-- WORK REQUIRED --
Keep the images out while you set down the data exactly.
[DATA EXTRACT Boundary: Start]
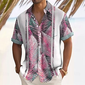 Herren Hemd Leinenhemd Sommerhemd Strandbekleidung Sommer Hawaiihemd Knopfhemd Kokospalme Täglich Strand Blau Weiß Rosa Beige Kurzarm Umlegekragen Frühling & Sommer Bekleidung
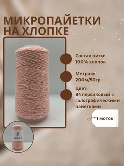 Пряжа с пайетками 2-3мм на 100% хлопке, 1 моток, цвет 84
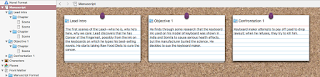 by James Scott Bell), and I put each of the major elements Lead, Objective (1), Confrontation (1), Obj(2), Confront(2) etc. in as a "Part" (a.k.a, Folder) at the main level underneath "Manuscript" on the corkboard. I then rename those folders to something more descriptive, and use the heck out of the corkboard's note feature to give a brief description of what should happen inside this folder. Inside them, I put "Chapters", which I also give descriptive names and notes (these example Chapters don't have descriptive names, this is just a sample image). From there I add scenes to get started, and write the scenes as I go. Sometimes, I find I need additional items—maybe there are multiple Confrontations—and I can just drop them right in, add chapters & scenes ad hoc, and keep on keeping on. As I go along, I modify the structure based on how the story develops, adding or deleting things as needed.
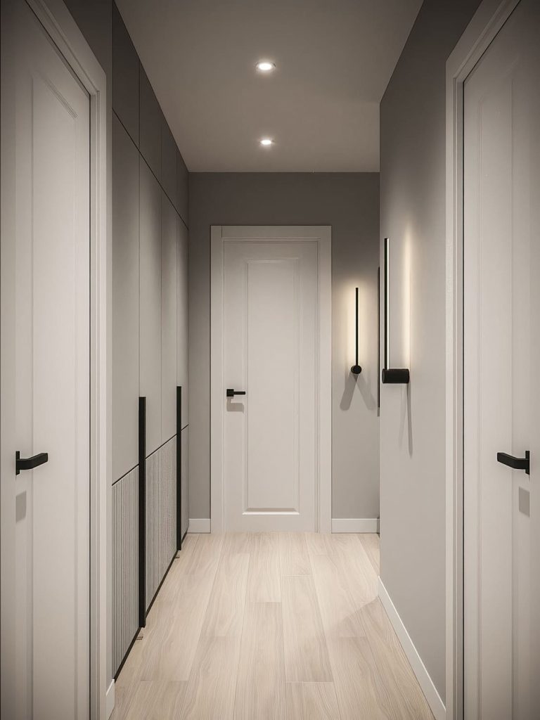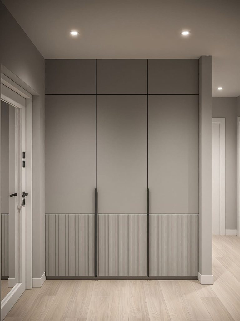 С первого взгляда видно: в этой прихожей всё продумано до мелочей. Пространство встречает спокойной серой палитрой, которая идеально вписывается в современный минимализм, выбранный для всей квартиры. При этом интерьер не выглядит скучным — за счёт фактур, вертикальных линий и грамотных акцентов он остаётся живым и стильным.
[DATA EXTRACT Boundary: End]
-- SOLVED EXERCISE --
 Herren Hemd Leinenhemd Sommerhemd Strandbekleidung Sommer Hawaiihemd Knopfhemd Kokospalme Täglich Strand Blau Weiß Rosa Beige Kurzarm Umlegekragen Frühling & Sommer Bekleidung
 Пряжа с пайетками 2-3мм на 100% хлопке, 1 моток, цвет 84
 by James Scott Bell), and I put each of the major elements Lead, Objective (1), Confrontation (1), Obj(2), Confront(2) etc. in as a "Part" (a.k.a, Folder) at the main level underneath "Manuscript" on the corkboard. I then rename those folders to something more descriptive, and use the heck out of the corkboard's note feature to give a brief description of what should happen inside this folder. Inside them, I put "Chapters", which I also give descriptive names and notes (these example Chapters don't have descriptive names, this is just a sample image). From there I add scenes to get started, and write the scenes as I go. Sometimes, I find I need additional items—maybe there are multiple Confrontations—and I can just drop them right in, add chapters & scenes ad hoc, and keep on keeping on. As I go along, I modify the structure based on how the story develops, adding or deleting things as needed.
 С первого взгляда видно: в этой прихожей всё продумано до мелочей. Пространство встречает спокойной серой палитрой, которая идеально вписывается в современный минимализм, выбранный для всей квартиры. При этом интерьер не выглядит скучным — за счёт фактур, вертикальных линий и грамотных акцентов он остаётся живым и стильным.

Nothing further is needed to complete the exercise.